* Exercise details *
Set down each line of the data exactly, but not the pictures.

* Input data *
· · · · ·
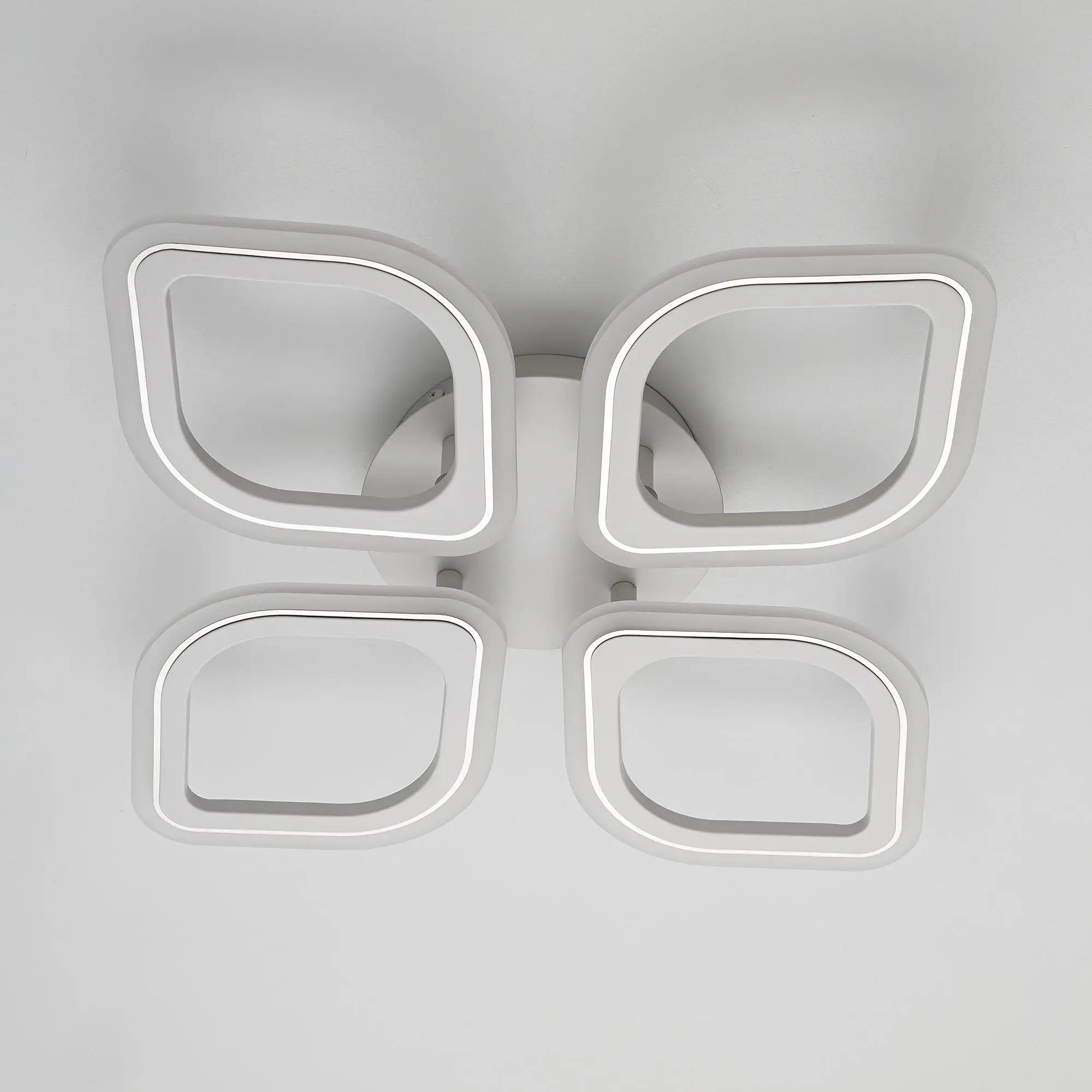 Светодиодная потолочная люстра Citilux Ромби CL236040R с пультом дистанционного управления. Светильник белый матовый, с круглым основанием. Четыре светодиодных модуля плафона, формирующих внешний вид люстры, выполнены в форме лепестков. Корпус плафонов металлический, рассеиватель из оптического полимера. Люстрой можно управлять с помощью пульта дистанционного управления и настенным выключателем. Изделие оснащено яркими светодиодами, с возможностью плавной регулировки яркости от 10% до 100%. Цветовая температура регулируется в диапазоне от 3000К до 5500К, позволяя настроить любые оттенки теплого, нейтрального или холодного света, без мерцания и пульсаций. Есть настраиваемые режимы памяти и таймер выключения. Модель подходит для всех типов потолков, в том числе натяжных, тип крепления – планка. Пульт ДУ в комплекте, тип батареек ААА (батарейками не комплектуется). Люстра плоская – высота всего 8см, размер 40х40см, мощность 45Вт, световой поток 4500Лм.
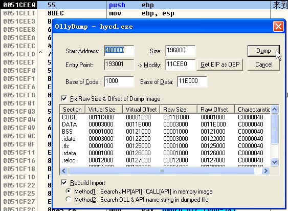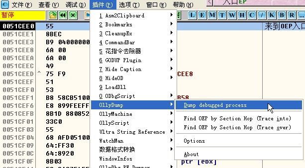 (3) 其他全部F8,一路下去必定能找到第一个popad,找到后离此不远必定有一个大的跳转,一旦跳转来到有push ebp字样,说明壳己走完到主程序(OEP),在此用OD插件→ollyDump→Dump debu…→Dump脱壳→保存。
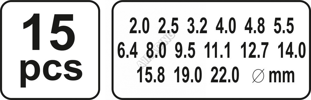 • Děrovače sada 15 kusů YATO průměr 2 - 22 mm
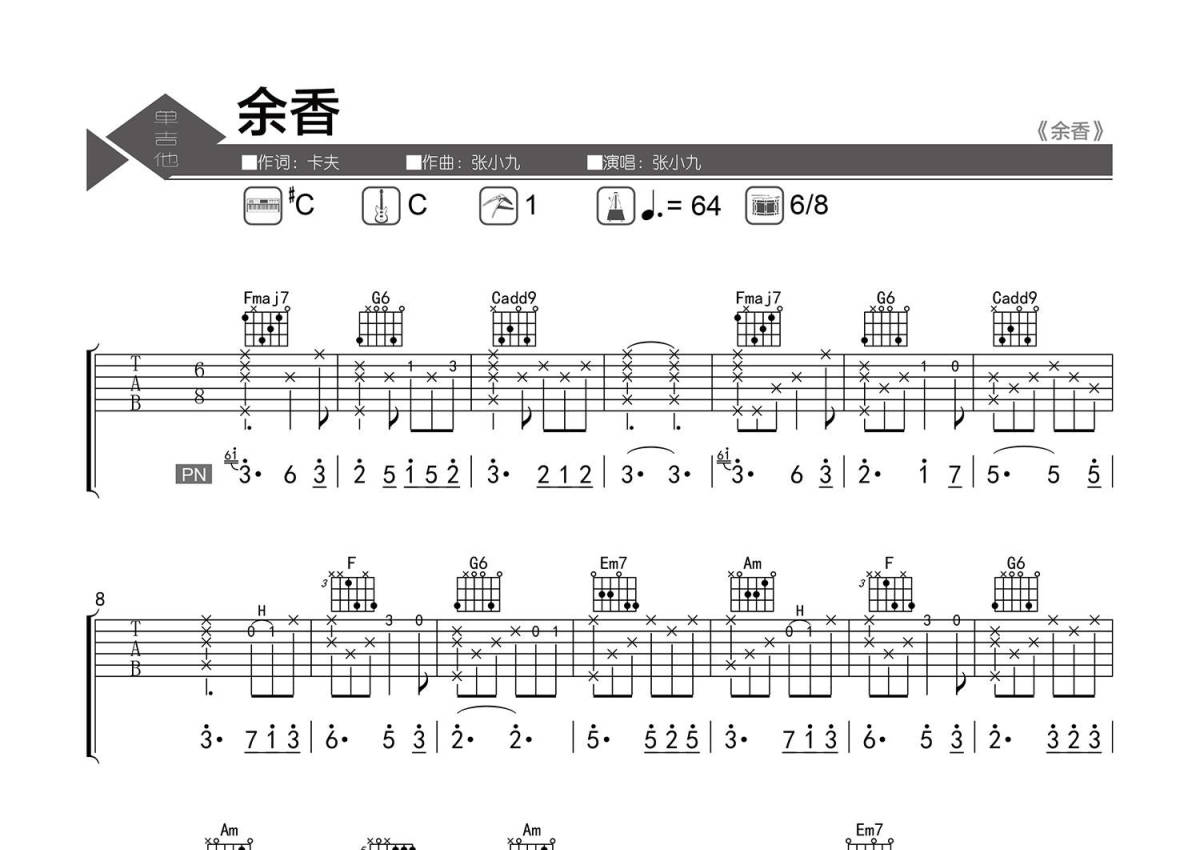 • 余香吉他谱 - 张小九 - C调吉他弹唱谱 - 精编弹唱第1张
· · · · ·
* Solution for this exercise *
 Светодиодная потолочная люстра Citilux Ромби CL236040R с пультом дистанционного управления. Светильник белый матовый, с круглым основанием. Четыре светодиодных модуля плафона, формирующих внешний вид люстры, выполнены в форме лепестков. Корпус плафонов металлический, рассеиватель из оптического полимера. Люстрой можно управлять с помощью пульта дистанционного управления и настенным выключателем. Изделие оснащено яркими светодиодами, с возможностью плавной регулировки яркости от 10% до 100%. Цветовая температура регулируется в диапазоне от 3000К до 5500К, позволяя настроить любые оттенки теплого, нейтрального или холодного света, без мерцания и пульсаций. Есть настраиваемые режимы памяти и таймер выключения. Модель подходит для всех типов потолков, в том числе натяжных, тип крепления – планка. Пульт ДУ в комплекте, тип батареек ААА (батарейками не комплектуется). Люстра плоская – высота всего 8см, размер 40х40см, мощность 45Вт, световой поток 4500Лм.
 (3) 其他全部F8,一路下去必定能找到第一个popad,找到后离此不远必定有一个大的跳转,一旦跳转来到有push ebp字样,说明壳己走完到主程序(OEP),在此用OD插件→ollyDump→Dump debu…→Dump脱壳→保存。
 • Děrovače sada 15 kusů YATO průměr 2 - 22 mm
 • 余香吉他谱 - 张小九 - C调吉他弹唱谱 - 精编弹唱第1张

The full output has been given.